> **What you are asked to do**: A word-for-word copy is needed of the line containing "The Masaccio Quilted" and every line after it through the end of the records below, leaving out all pictures.

> **Collected data**:
►

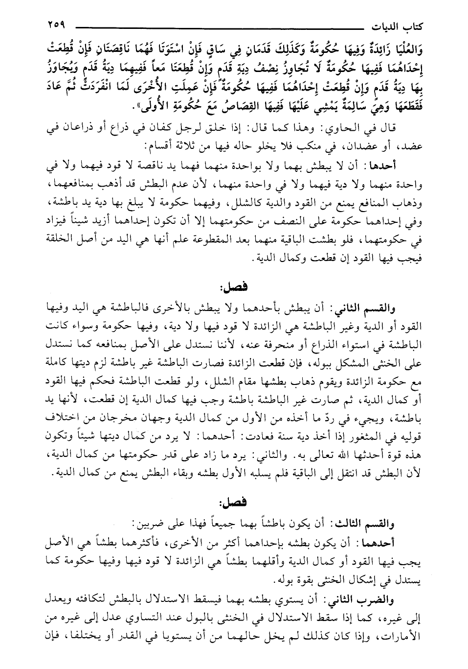 والقسم الثاني: أن يبطش بأحدهما ولا يبطش بالأخرى فالباطشة هي اليد وفيها القود أو الدية وغير الباطشة هي الزائدة لا قود فيها ولا دية, وفيها حكومة وسواء كانت الباطشة في استواء الذراع أو منحرفة عنه, لأننا نستدل على الأصل بمنافعه كما نستدل على الخنثى المشكل ببوله, فإن قطعت الزائدة فصارت الباطشة غير باطشة لزم ديتها كاملة مع حكومة الزائدة ويقوم ذهاب بطشها مقام الشلل, ولو قطعت الباطشة فحكم فيها القود أو كمال الدية, ثم صارت غير الباطشة باطشة وجب فيها كمال الدية إن قطعت, لأنها يد باطشة, ويجيء في رد ما أخذه من الأول من كمال الدية وجهان مخرجان من اختلاف قوليه في المثغور إذا أخذ دية سنة فعادت: أحدهما: لا يرد من كمال ديتها شيئًا وتكون هذه قوة أحدثها الله تعالى به, والثاني: يرد ما زاد على قدر حكومتها من كمال الدية, لأن البطش قد انتقل إلى الباقية فلم يسلبه الأول بطشه وبقاء البطش يمنع من كمال الدية.
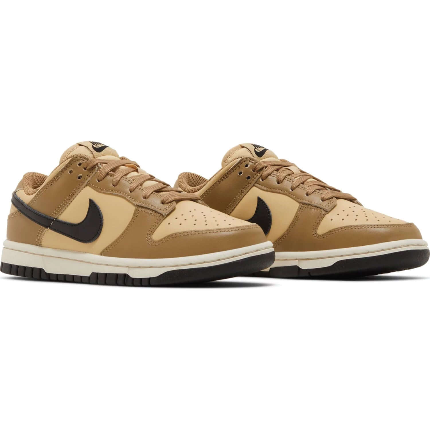 The Swoosh on the Dunk Low Dark Driftwood is white, as are the laces and the logo on the tongue. This low-top sneaker has a full leather construction with a mocha-brown base color that’s complemented by a lighter overlay around the heel, where the laces go through and around the toe. The Dunk Low Dark Driftwood sole matches the lighter hue on the overlays, but it also has a white highlight between the base of the sole and the shoe itself.
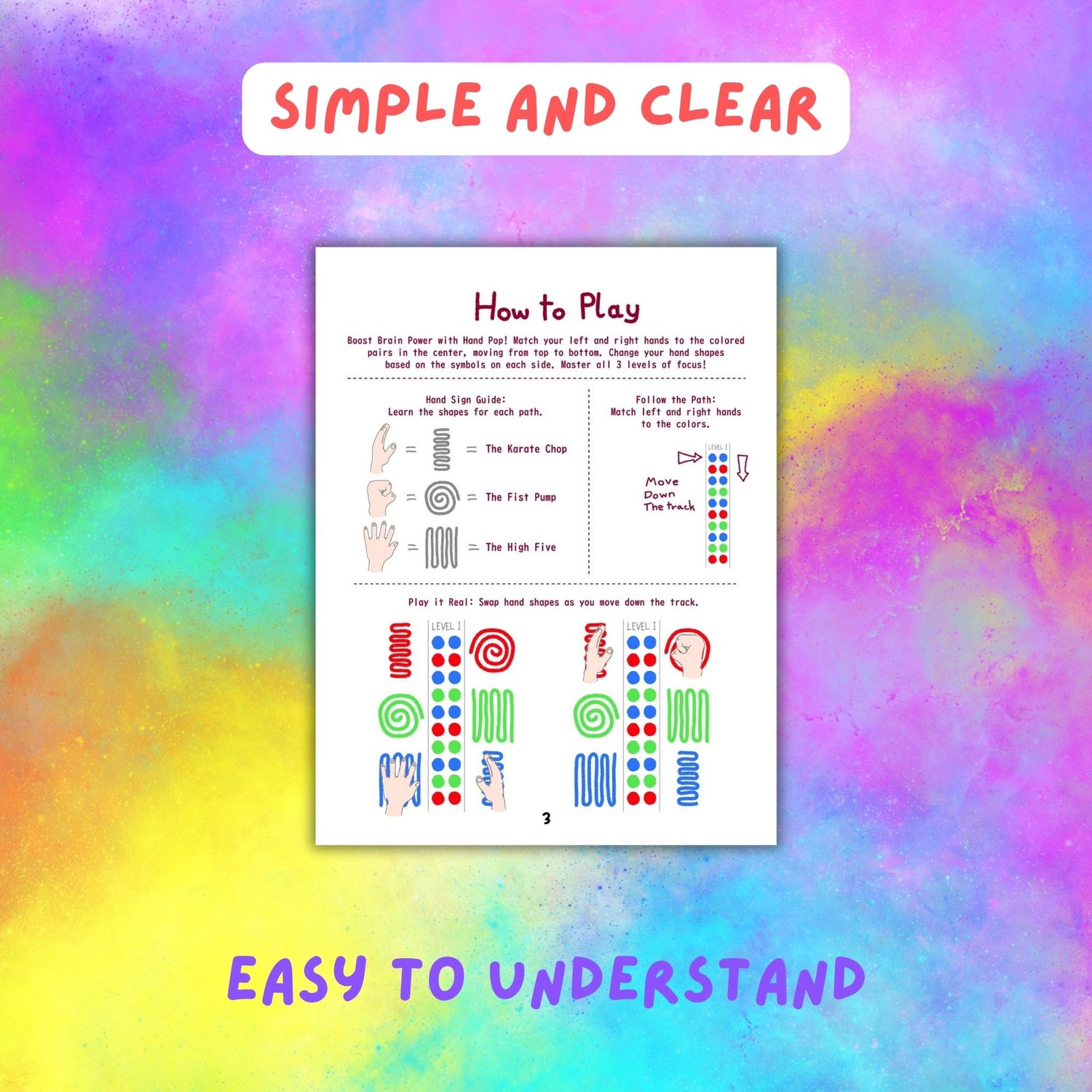 🎉 **Boost Brain Power with Hand Pop!** Kids follow colorful zigzag/loop/wave paths using LEFT & RIGHT hands in fun shapes:
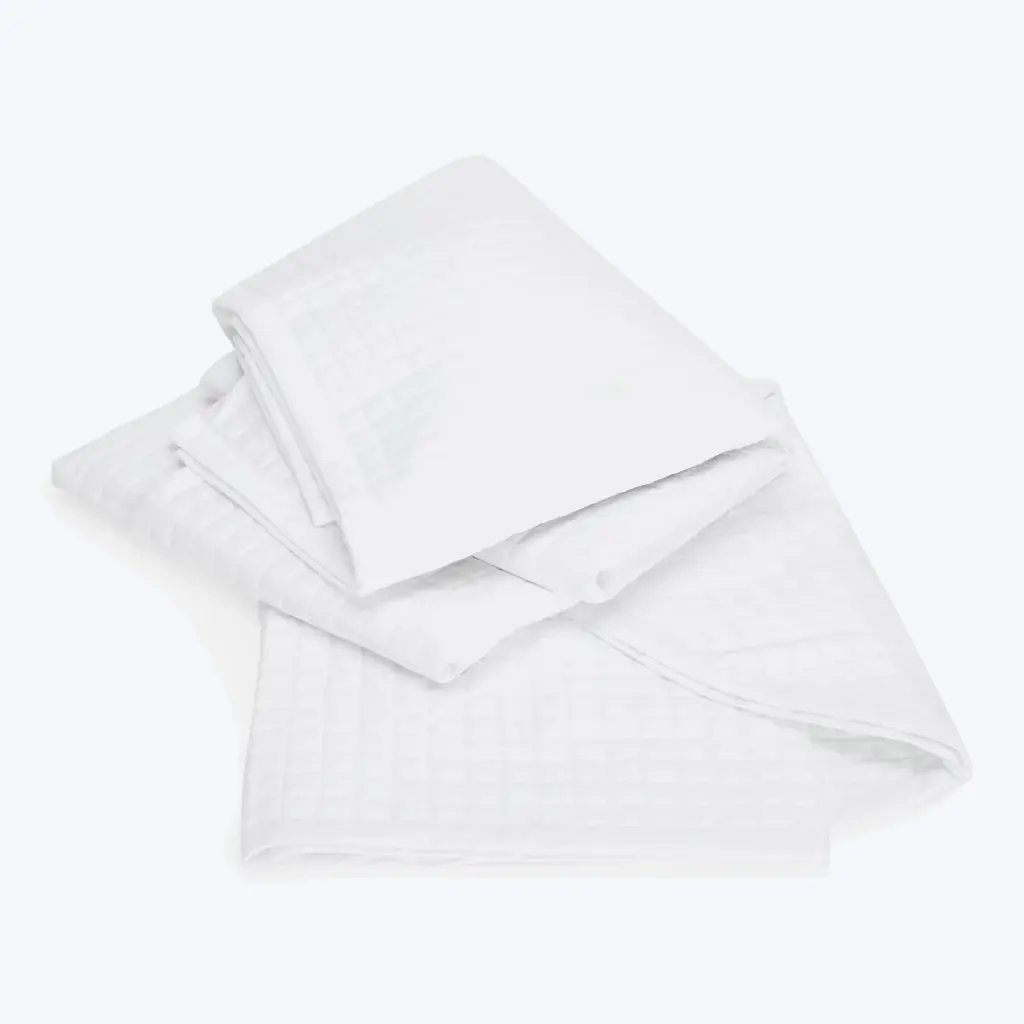 The Masaccio Quilted Coverlet combines timeless Tuscan elegance with modern functionality, crafted in Italy by Signoria Firenze. Encasing a layer of warm polyester, the 300 thread count sateen exterior is delicately overstretched with a contemporary square design, offering a soft, light, and durable feel perfect for year-round comfort. Reversing to solid cotton percale and finished with a graceful sateen border and rounded corners, this coverlet merges luxurious aesthetics with practical versatility. Available in a wide array of sophisticated colors to complement your existing Signoria bedding, the Masaccio is offered in Twin, Queen, and King sizes, bringing understated refinement to any bedroom.
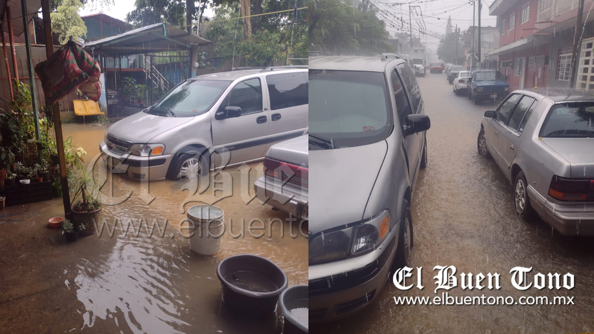Y es que derivado a la fuerte lluvia que cayó esta tarde de domingo, la cual duró alrededor de dos horas, dejó las calles inundadas.
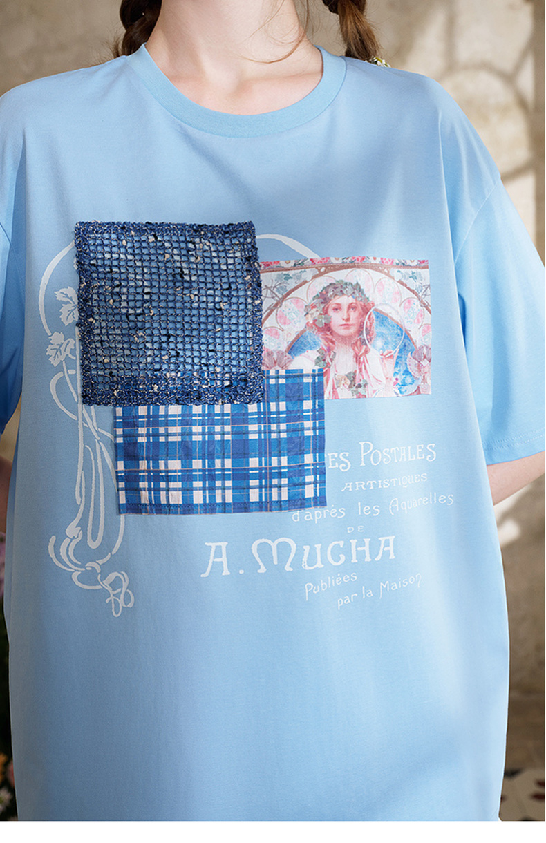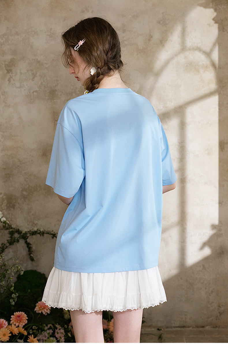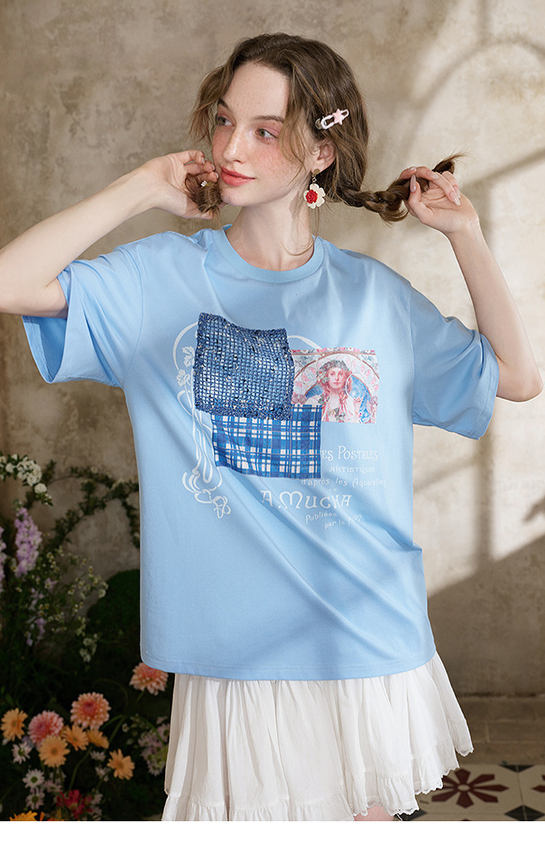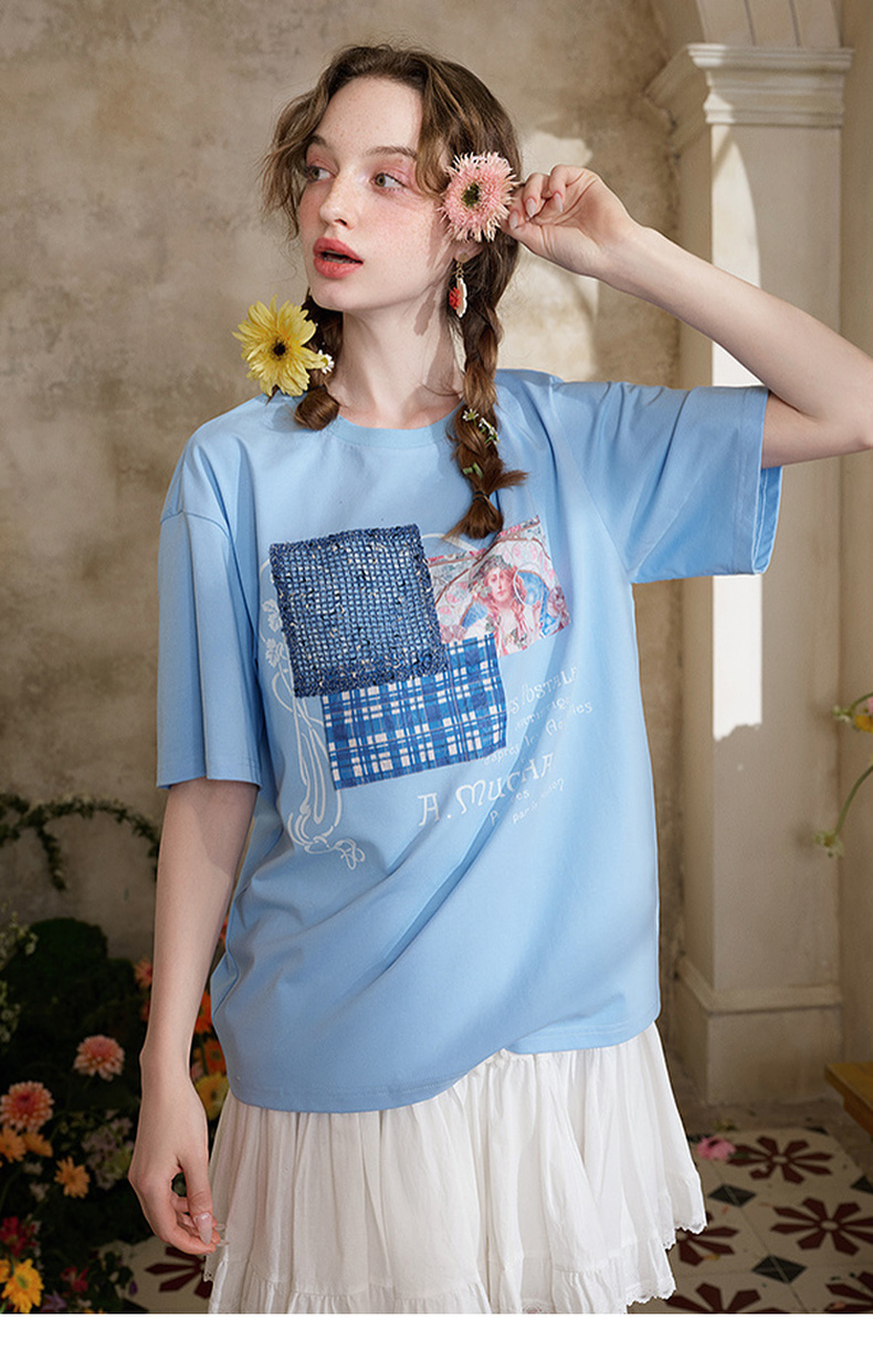 两三事 叠影画境 2025夏季新款小清新蕾丝拼接印花短袖t恤女宽松

◄

> **Finished exercise**:
 The Masaccio Quilted Coverlet combines timeless Tuscan elegance with modern functionality, crafted in Italy by Signoria Firenze. Encasing a layer of warm polyester, the 300 thread count sateen exterior is delicately overstretched with a contemporary square design, offering a soft, light, and durable feel perfect for year-round comfort. Reversing to solid cotton percale and finished with a graceful sateen border and rounded corners, this coverlet merges luxurious aesthetics with practical versatility. Available in a wide array of sophisticated colors to complement your existing Signoria bedding, the Masaccio is offered in Twin, Queen, and King sizes, bringing understated refinement to any bedroom.
Y es que derivado a la fuerte lluvia que cayó esta tarde de domingo, la cual duró alrededor de dos horas, dejó las calles inundadas.
 两三事 叠影画境 2025夏季新款小清新蕾丝拼接印花短袖t恤女宽松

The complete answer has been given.